------ RECORDS SUPPLIED ------

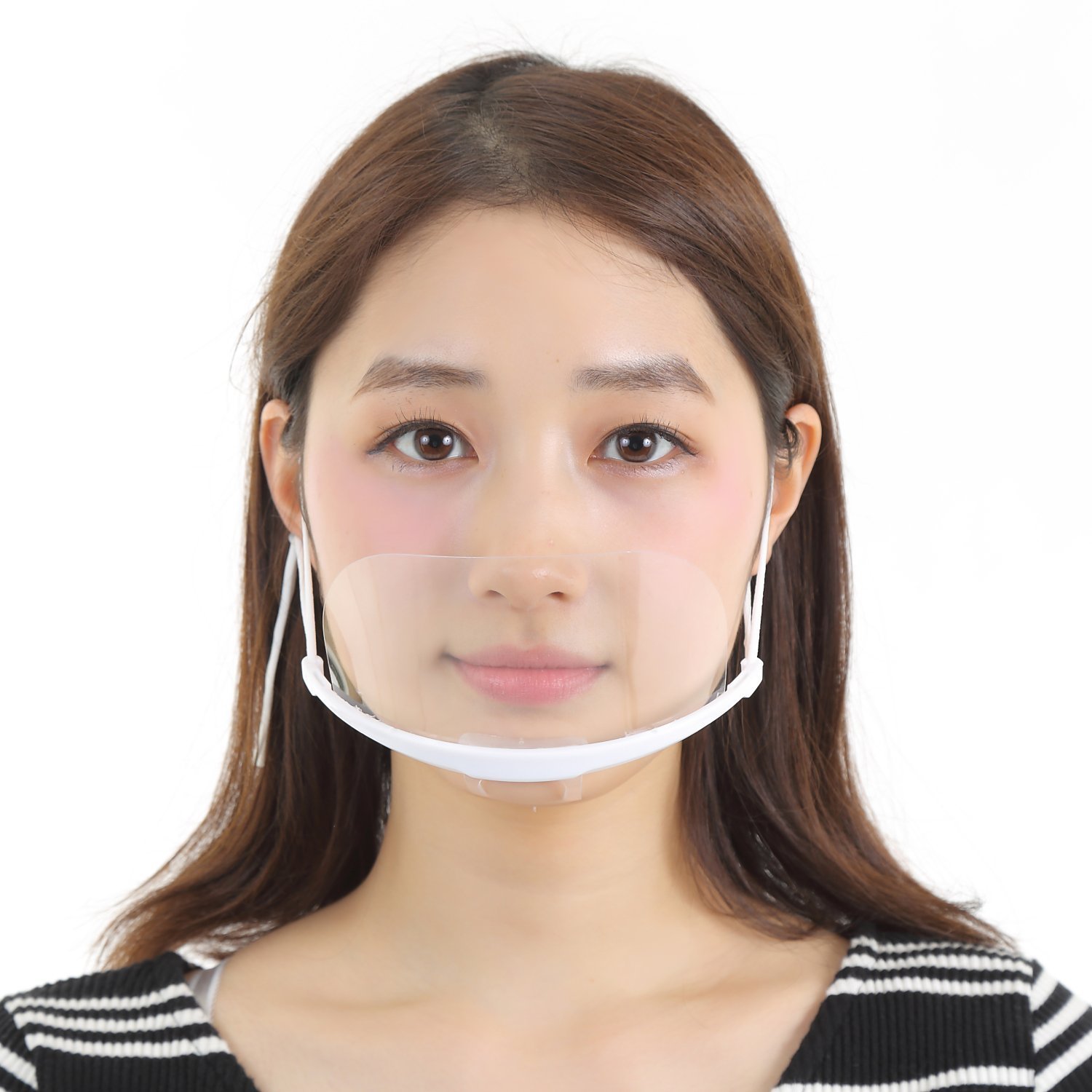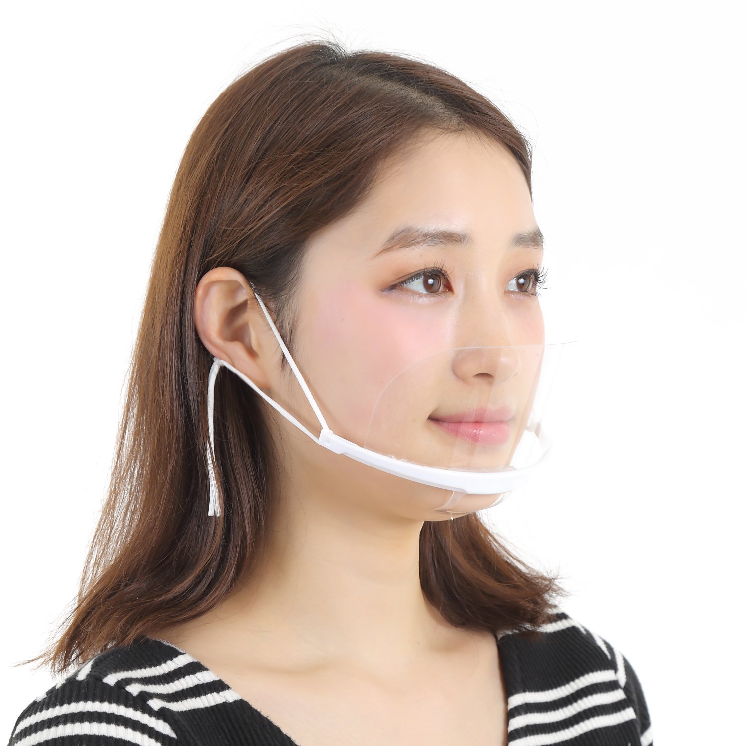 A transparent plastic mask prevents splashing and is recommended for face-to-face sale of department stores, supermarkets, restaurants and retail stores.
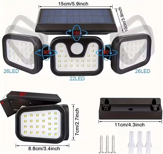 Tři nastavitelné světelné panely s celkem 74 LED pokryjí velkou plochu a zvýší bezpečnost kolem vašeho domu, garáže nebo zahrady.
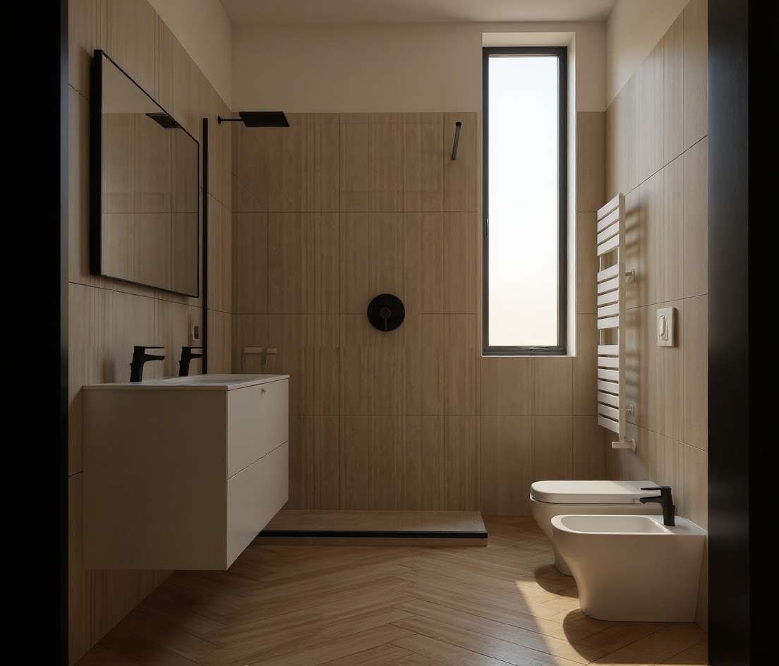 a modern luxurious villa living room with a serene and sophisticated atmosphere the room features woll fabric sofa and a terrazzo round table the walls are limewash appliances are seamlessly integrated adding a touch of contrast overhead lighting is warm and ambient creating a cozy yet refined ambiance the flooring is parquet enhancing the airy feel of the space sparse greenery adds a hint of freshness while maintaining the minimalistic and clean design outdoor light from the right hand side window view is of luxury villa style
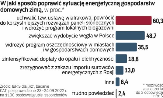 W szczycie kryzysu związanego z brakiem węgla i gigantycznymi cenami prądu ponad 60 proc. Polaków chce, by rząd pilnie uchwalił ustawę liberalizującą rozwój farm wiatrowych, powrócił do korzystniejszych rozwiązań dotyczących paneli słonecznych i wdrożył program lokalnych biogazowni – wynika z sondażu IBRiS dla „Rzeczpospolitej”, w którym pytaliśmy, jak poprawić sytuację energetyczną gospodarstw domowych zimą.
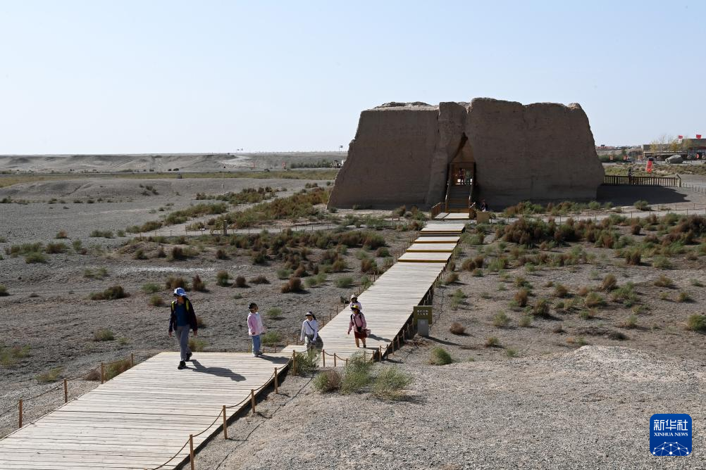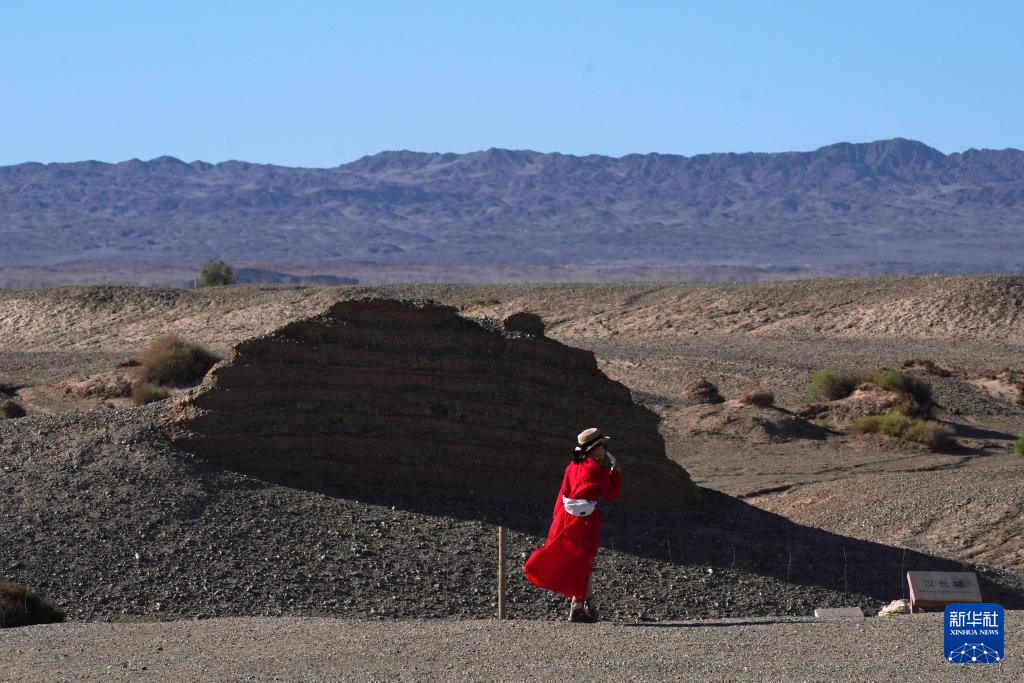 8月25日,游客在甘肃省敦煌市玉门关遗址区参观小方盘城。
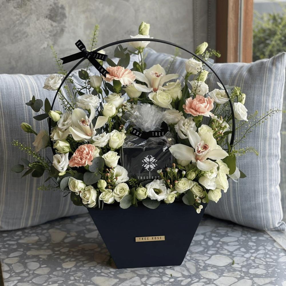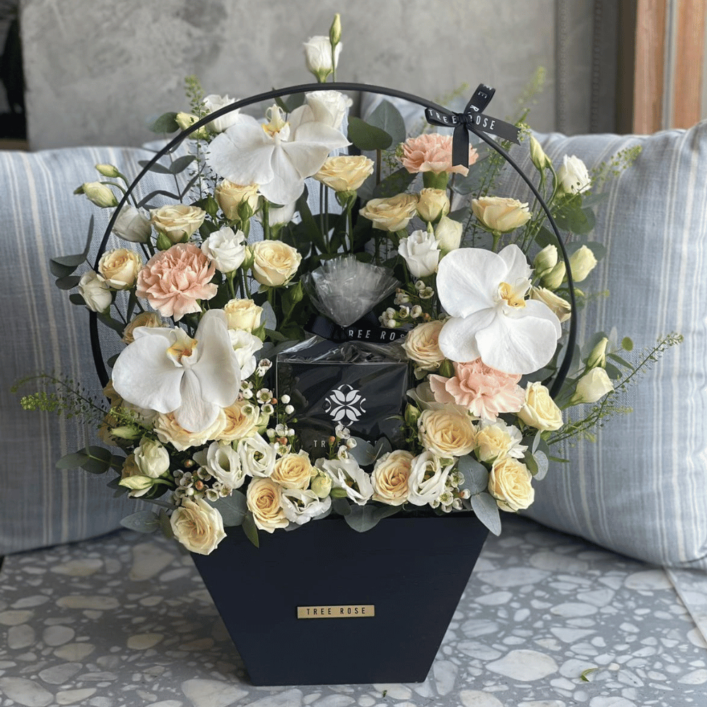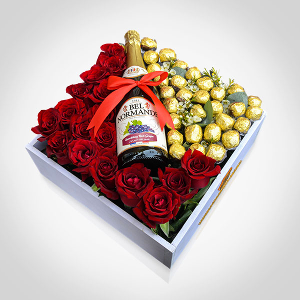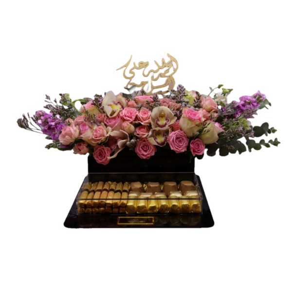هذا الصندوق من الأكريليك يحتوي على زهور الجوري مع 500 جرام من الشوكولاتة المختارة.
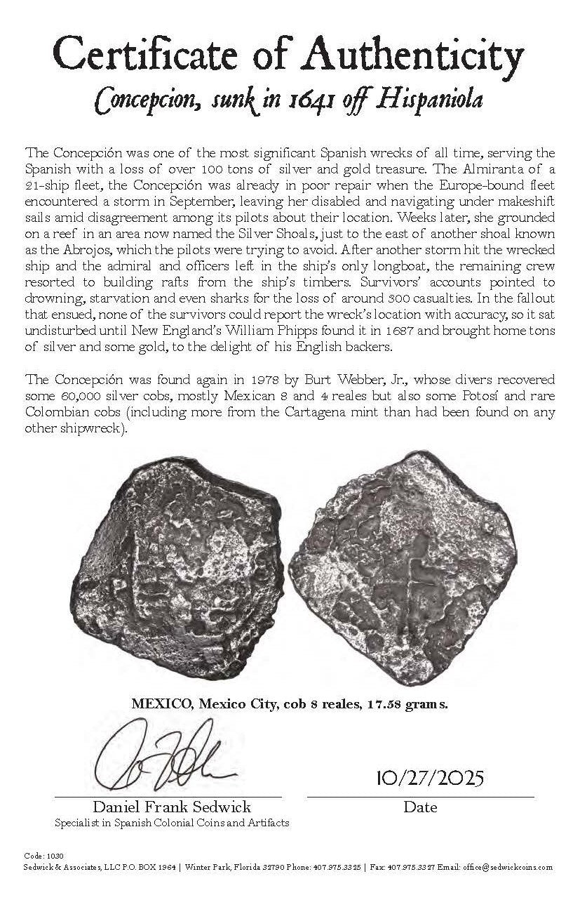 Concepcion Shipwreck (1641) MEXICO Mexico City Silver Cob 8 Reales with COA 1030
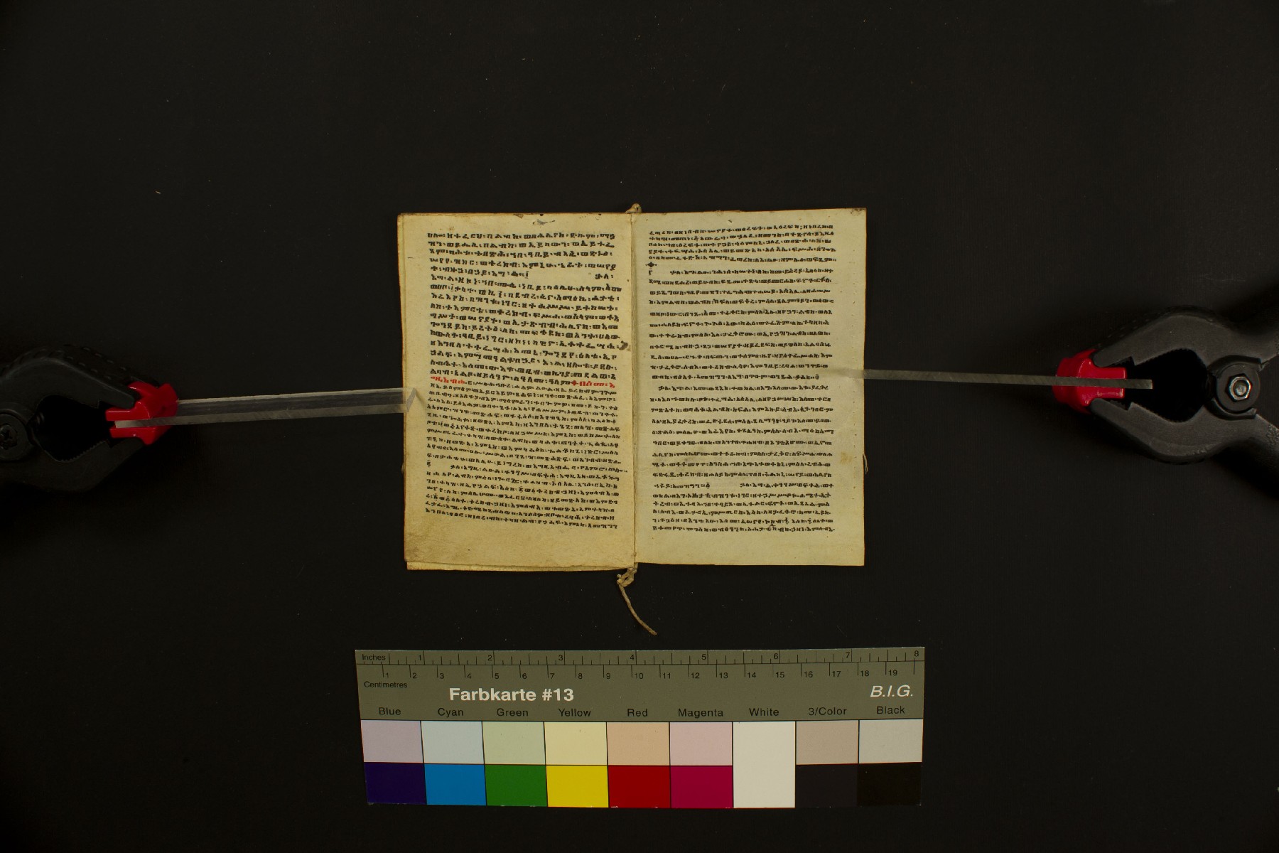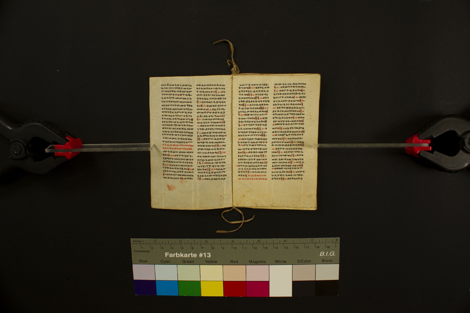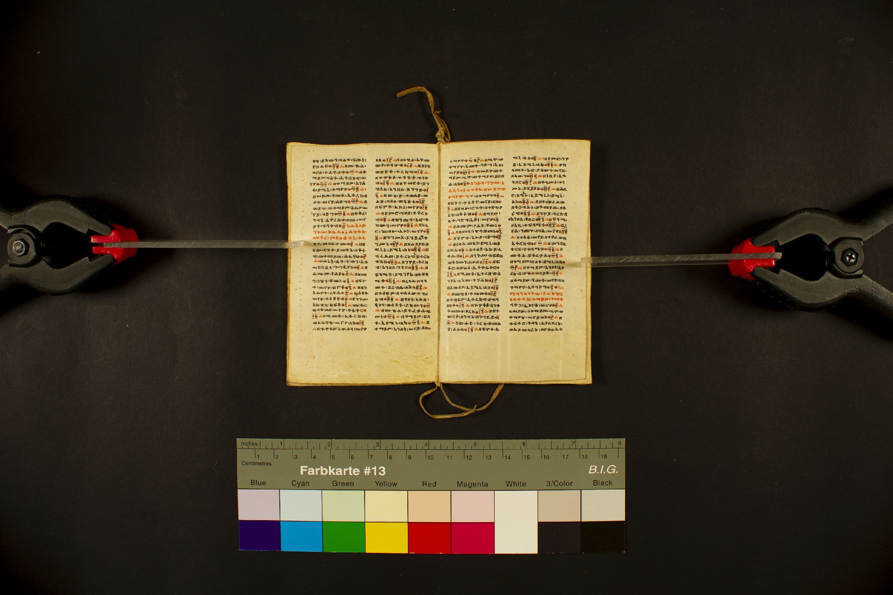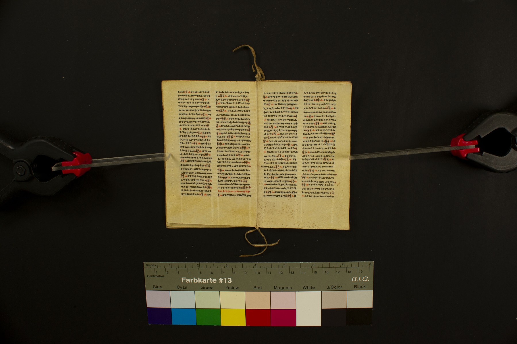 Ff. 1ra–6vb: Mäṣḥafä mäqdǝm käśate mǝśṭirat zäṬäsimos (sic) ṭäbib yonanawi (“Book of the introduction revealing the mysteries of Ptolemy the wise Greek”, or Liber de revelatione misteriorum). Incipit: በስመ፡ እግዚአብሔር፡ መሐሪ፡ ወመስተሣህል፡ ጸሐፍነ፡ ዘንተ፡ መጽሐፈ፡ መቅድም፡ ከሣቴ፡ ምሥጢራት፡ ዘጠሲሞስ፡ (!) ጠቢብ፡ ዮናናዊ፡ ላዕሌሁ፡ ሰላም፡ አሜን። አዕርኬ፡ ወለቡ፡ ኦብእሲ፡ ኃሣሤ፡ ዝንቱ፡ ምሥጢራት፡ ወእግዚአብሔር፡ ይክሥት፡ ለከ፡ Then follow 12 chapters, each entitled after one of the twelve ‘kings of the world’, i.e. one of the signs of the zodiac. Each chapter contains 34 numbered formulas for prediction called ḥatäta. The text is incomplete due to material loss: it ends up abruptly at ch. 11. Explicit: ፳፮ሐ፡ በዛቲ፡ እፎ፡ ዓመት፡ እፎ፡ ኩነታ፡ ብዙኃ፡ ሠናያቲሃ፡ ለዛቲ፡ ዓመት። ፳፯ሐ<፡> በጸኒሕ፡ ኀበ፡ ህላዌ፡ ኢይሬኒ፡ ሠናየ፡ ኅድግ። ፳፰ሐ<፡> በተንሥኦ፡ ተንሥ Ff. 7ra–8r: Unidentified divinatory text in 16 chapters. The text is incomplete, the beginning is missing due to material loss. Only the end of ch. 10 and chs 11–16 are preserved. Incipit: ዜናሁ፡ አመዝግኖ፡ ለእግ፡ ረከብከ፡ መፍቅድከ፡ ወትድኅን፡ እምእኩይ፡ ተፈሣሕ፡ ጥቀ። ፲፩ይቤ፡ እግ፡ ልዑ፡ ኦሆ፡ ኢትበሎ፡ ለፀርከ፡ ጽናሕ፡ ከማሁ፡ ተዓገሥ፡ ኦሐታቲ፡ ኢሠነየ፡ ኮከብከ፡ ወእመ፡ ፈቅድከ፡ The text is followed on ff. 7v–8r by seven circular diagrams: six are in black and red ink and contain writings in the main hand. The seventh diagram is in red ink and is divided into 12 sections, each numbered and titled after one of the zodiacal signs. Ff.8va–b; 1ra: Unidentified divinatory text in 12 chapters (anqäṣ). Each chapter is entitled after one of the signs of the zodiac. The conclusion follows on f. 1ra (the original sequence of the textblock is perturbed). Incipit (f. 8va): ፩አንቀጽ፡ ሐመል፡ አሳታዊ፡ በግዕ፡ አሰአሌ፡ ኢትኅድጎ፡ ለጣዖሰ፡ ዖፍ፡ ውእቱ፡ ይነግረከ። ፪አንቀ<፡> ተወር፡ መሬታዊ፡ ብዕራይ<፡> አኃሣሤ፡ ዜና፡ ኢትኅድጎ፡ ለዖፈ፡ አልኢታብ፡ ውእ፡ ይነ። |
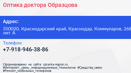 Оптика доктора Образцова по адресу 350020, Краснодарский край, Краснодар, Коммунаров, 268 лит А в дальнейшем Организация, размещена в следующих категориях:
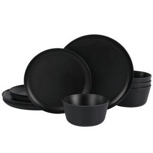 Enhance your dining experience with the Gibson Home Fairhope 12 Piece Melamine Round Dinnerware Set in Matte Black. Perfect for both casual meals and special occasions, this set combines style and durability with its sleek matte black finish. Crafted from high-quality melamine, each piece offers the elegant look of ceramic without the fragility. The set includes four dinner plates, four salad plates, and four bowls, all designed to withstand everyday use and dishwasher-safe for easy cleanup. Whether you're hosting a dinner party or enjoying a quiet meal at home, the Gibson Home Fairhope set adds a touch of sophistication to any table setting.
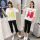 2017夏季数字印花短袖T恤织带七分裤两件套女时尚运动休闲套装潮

------

YOUR TASK
Output the entries above exactly. Drop the pictures.

OUTPUT FOR THIS EXERCISE
 A transparent plastic mask prevents splashing and is recommended for face-to-face sale of department stores, supermarkets, restaurants and retail stores.
 Tři nastavitelné světelné panely s celkem 74 LED pokryjí velkou plochu a zvýší bezpečnost kolem vašeho domu, garáže nebo zahrady.
 a modern luxurious villa living room with a serene and sophisticated atmosphere the room features woll fabric sofa and a terrazzo round table the walls are limewash appliances are seamlessly integrated adding a touch of contrast overhead lighting is warm and ambient creating a cozy yet refined ambiance the flooring is parquet enhancing the airy feel of the space sparse greenery adds a hint of freshness while maintaining the minimalistic and clean design outdoor light from the right hand side window view is of luxury villa style
 W szczycie kryzysu związanego z brakiem węgla i gigantycznymi cenami prądu ponad 60 proc. Polaków chce, by rząd pilnie uchwalił ustawę liberalizującą rozwój farm wiatrowych, powrócił do korzystniejszych rozwiązań dotyczących paneli słonecznych i wdrożył program lokalnych biogazowni – wynika z sondażu IBRiS dla „Rzeczpospolitej”, w którym pytaliśmy, jak poprawić sytuację energetyczną gospodarstw domowych zimą.
 8月25日,游客在甘肃省敦煌市玉门关遗址区参观小方盘城。
هذا الصندوق من الأكريليك يحتوي على زهور الجوري مع 500 جرام من الشوكولاتة المختارة.
 Concepcion Shipwreck (1641) MEXICO Mexico City Silver Cob 8 Reales with COA 1030
 Ff. 1ra–6vb: Mäṣḥafä mäqdǝm käśate mǝśṭirat zäṬäsimos (sic) ṭäbib yonanawi (“Book of the introduction revealing the mysteries of Ptolemy the wise Greek”, or Liber de revelatione misteriorum). Incipit: በስመ፡ እግዚአብሔር፡ መሐሪ፡ ወመስተሣህል፡ ጸሐፍነ፡ ዘንተ፡ መጽሐፈ፡ መቅድም፡ ከሣቴ፡ ምሥጢራት፡ ዘጠሲሞስ፡ (!) ጠቢብ፡ ዮናናዊ፡ ላዕሌሁ፡ ሰላም፡ አሜን። አዕርኬ፡ ወለቡ፡ ኦብእሲ፡ ኃሣሤ፡ ዝንቱ፡ ምሥጢራት፡ ወእግዚአብሔር፡ ይክሥት፡ ለከ፡ Then follow 12 chapters, each entitled after one of the twelve ‘kings of the world’, i.e. one of the signs of the zodiac. Each chapter contains 34 numbered formulas for prediction called ḥatäta. The text is incomplete due to material loss: it ends up abruptly at ch. 11. Explicit: ፳፮ሐ፡ በዛቲ፡ እፎ፡ ዓመት፡ እፎ፡ ኩነታ፡ ብዙኃ፡ ሠናያቲሃ፡ ለዛቲ፡ ዓመት። ፳፯ሐ<፡> በጸኒሕ፡ ኀበ፡ ህላዌ፡ ኢይሬኒ፡ ሠናየ፡ ኅድግ። ፳፰ሐ<፡> በተንሥኦ፡ ተንሥ Ff. 7ra–8r: Unidentified divinatory text in 16 chapters. The text is incomplete, the beginning is missing due to material loss. Only the end of ch. 10 and chs 11–16 are preserved. Incipit: ዜናሁ፡ አመዝግኖ፡ ለእግ፡ ረከብከ፡ መፍቅድከ፡ ወትድኅን፡ እምእኩይ፡ ተፈሣሕ፡ ጥቀ። ፲፩ይቤ፡ እግ፡ ልዑ፡ ኦሆ፡ ኢትበሎ፡ ለፀርከ፡ ጽናሕ፡ ከማሁ፡ ተዓገሥ፡ ኦሐታቲ፡ ኢሠነየ፡ ኮከብከ፡ ወእመ፡ ፈቅድከ፡ The text is followed on ff. 7v–8r by seven circular diagrams: six are in black and red ink and contain writings in the main hand. The seventh diagram is in red ink and is divided into 12 sections, each numbered and titled after one of the zodiacal signs. Ff.8va–b; 1ra: Unidentified divinatory text in 12 chapters (anqäṣ). Each chapter is entitled after one of the signs of the zodiac. The conclusion follows on f. 1ra (the original sequence of the textblock is perturbed). Incipit (f. 8va): ፩አንቀጽ፡ ሐመል፡ አሳታዊ፡ በግዕ፡ አሰአሌ፡ ኢትኅድጎ፡ ለጣዖሰ፡ ዖፍ፡ ውእቱ፡ ይነግረከ። ፪አንቀ<፡> ተወር፡ መሬታዊ፡ ብዕራይ<፡> አኃሣሤ፡ ዜና፡ ኢትኅድጎ፡ ለዖፈ፡ አልኢታብ፡ ውእ፡ ይነ። |
 Оптика доктора Образцова по адресу 350020, Краснодарский край, Краснодар, Коммунаров, 268 лит А в дальнейшем Организация, размещена в следующих категориях:
 Enhance your dining experience with the Gibson Home Fairhope 12 Piece Melamine Round Dinnerware Set in Matte Black. Perfect for both casual meals and special occasions, this set combines style and durability with its sleek matte black finish. Crafted from high-quality melamine, each piece offers the elegant look of ceramic without the fragility. The set includes four dinner plates, four salad plates, and four bowls, all designed to withstand everyday use and dishwasher-safe for easy cleanup. Whether you're hosting a dinner party or enjoying a quiet meal at home, the Gibson Home Fairhope set adds a touch of sophistication to any table setting.
 2017夏季数字印花短袖T恤织带七分裤两件套女时尚运动休闲套装潮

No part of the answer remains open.